Devlog: UARTprintf(“%s\n”, hellovar);

(Post from 17.11.2025 (DD.MM.YYYY))

So yes, like the title says, I made a printf, to be fair, thats a couple of days ago, i don’t post directly after i finished something.

My english is still not perfect, but I hope it's understandable.

What i made.

I made a printf function, its a simpler one from the printf you know in C. Without going to deep into details, if its sees a modifyer like %s, it looks into the parameters given with “valist”, this allows me to get an undefined amount of parameters in a function, and takes the next parameter from the list and treat it as a string (in the case of %s). But even it sounds simple enough, it was a bit harder then i thoughed, i didn’t understand valist at first and got confused why it gets promoted to int if its less then 32-bit, even then, now i have it, and it works.

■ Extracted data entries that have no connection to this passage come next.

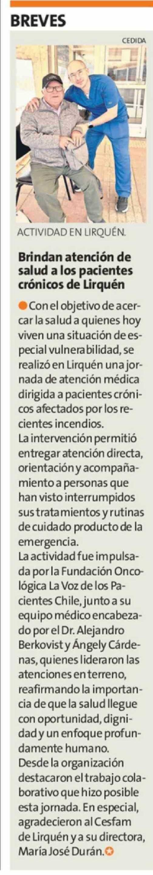 Título: Brindan atención de salud a los pacientes crónicos de Lirquén
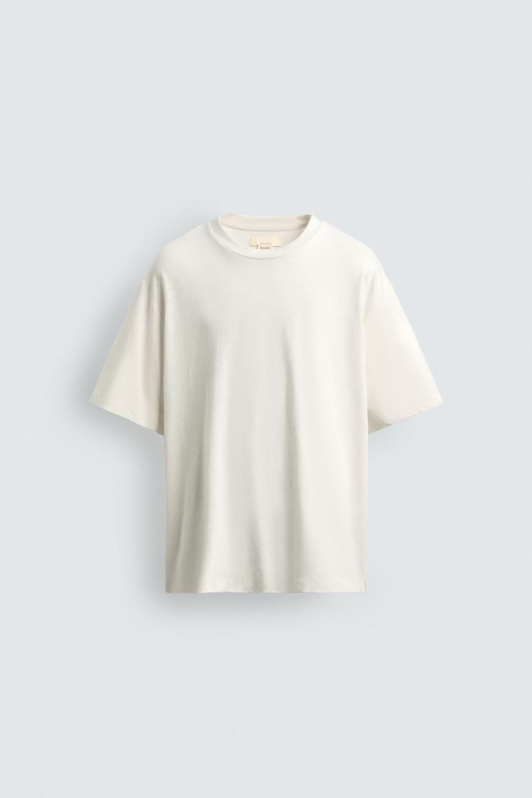 ZARA ФУТБОЛКА СВОБОДНОГО КРОЯ ИЗ ХЛОПКА И ЛЬНА, БЕЛЫЙ
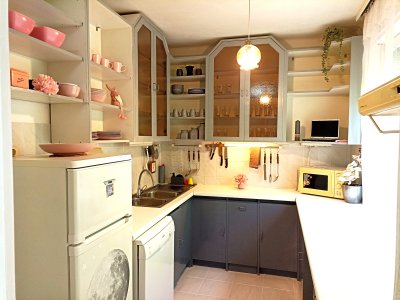 A lakásba lépve egy tágas, világos folyosón haladhatunk tovább az egy légtérben lévő étkezőbe és konyhába.

Here you see it in action:

It works more or less the same like “Devlog: UART_print(“Hello, World!);”. It helps a lot with Debugging and Development. Especialy on things that are not always the same and more dynamic.

Then is printf important?

Its very helpfull for debugging, especially because many things in a program aren’t static and can change to value’s you don’t know. With the Option to know at anytime what is in a Variable you can find more easily also bugs.

What did i learn?

I learned about va_arg’s and how to make variables (like Integer or pointer) to transfer to a string, extracting the Numbers and put them together again for the string.

So, what comes next?

I am currently working on the “dtb” (Device Tree Blob) to parse it and to make an Kernel Alocator, this is… in some way hard, but only because its big and information are spreaded, but more about this soon.